Joel Shirriff, Global Practice Lead, Terminals & Transportation, discusses why doing more can sometimes cost less.
As project financing and investment becomes harder to secure in the mining industry, companies have been exploring new opportunities to optimize their projects. One of the more successful strategies to improve a project’s overall financial model is to take a holistic approach in assessing the entire project development from the process plant to the export terminal site and ultimately to the final off-take customer. This process considers the full lifecycle costs of all the assets that may require investment across the full project scope, allowing you to identify ways of possibly spending more in one area to realize significant savings in another, which can’t be done by assessing each area in isolation.
Sometimes doing more costs less
To understand how this works in practice, consider this case study. A few years ago, Ausenco was helping a major mining company to develop a bauxite project in Guinea, Africa. Our scope included the inland process plant as well as transportation of the product to a new bulk terminal facility on a river over 110 km away.
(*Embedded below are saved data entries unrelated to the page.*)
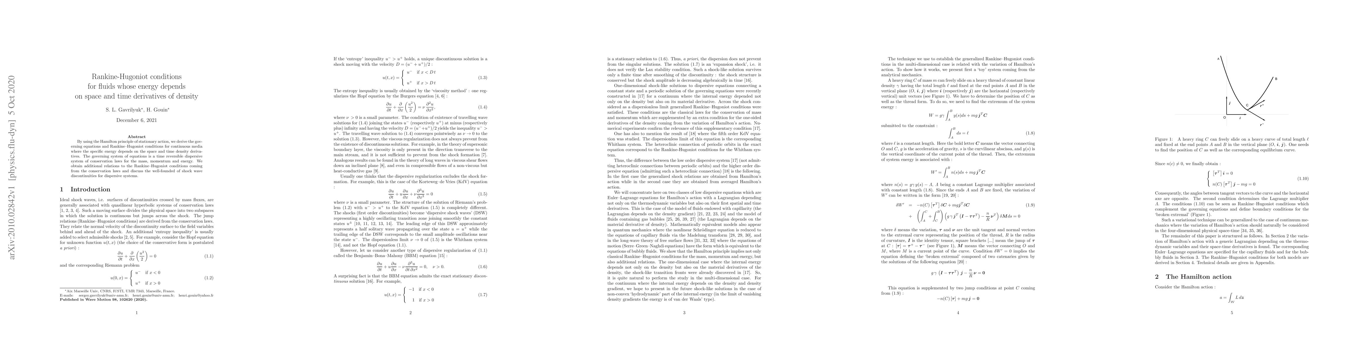 This paper derives the Rankine-Hugoniot conditions for fluids where energy depends on the spatial and temporal derivatives of density, using the Hamilton principle. It establishes a time-reversible dispersive system of conservation laws and discusses the validity of shock wave discontinuities in such systems.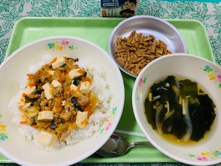 マーボー丼、わかめスープ、アーモンド黒糖、牛乳です。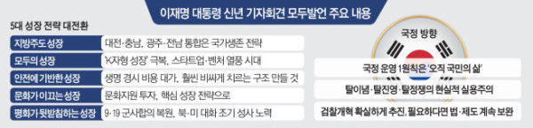 이 대통령은 모두발언에서 △지방 주도 성장 △기회와 과실을 고루 나누는 모두의 성장 △안전에 기반한 지속 가능한 성장 △문화가 이끄는 매력적인 성장 △평화가 뒷받침하는 안정적 성장 등 다섯 가지 대전환과 관련한 구상을 설명했다.

The base case transportation model was to move 10 Mt/y of processed bauxite with a slurry pipeline system, where it would be dewatered and loaded onto ships at the river terminal facility. The challenge? The particle size distribution (PSD) recipe for reliable and efficient flow of bauxite in a pipeline was not only finer than specifications preferred at the alumina refinery, but it also required more expensive dewatering and filter equipment.
Our first attempt at cost reduction was to consider rail transport instead of the pipeline, but the heavy investment in infrastructure for the short distance of this option only generated minor savings. However, by brainstorming alternatives, the team conceived the idea to remove the extra fine material (slimes) at the port in advance of filtering to reduce the dewatering costs. The problem is that this amounted to nearly 40% of the product mass being removed, requiring more product to be processed to maintain the 10 Mt/y export rate in the original plan. The resulting decision was to mine and process up to 14 Mt/y of bauxite and ship it through a larger pipeline, before it was de-slimed and dewatered for export. The additional four Mt/y of slimes were then placed into a tailings facility that was already needed near the terminal. The net result of this holistic approach was a 30% reduction in total capital investment over the original design.
By taking this holistic approach to project development, it’s possible to find opportunities to defer part of the metallurgical process—either downstream in the logistics chain or even outside the project to a third-party smelter as part of the offtake agreement. While this may seem counterintuitive at first, there are some good reasons to consider this approach:
Some ores may require a very expensive specialized process that is only economical for large volumes of product and a smaller production rate may not be able to support the cost
Some processes are very power intensive and, if the project site is so remote it requires its own power generation plant, it might be good to push certain beneficiation processes downstream
If an existing mine is expanding to another pit location, it may be too far to move run of mine (ROM) ore from one site to another. Partially processing the ore at the new site and transporting concentrate to the original plant may be more economical
There may also be environmental benefits associated with moving a finishing process from a remote mining site in the wilderness to a centralized industrial location where the residual by-products may be more easily contained and disposed of
Reducing lifecycle costs
One of Ausenco’s more recent success stories was the 2017 turnkey construction and commissioning of the Moose River Gold project in Nova Scotia, where expansion beyond the original Touquoy deposit to future pits was always part of the program. The basis of these expansion plans was to haul ROM ore from one pit to the already operating plant, but we needed to find a better way to reduce the number of trucks running on the municipal roads in the area.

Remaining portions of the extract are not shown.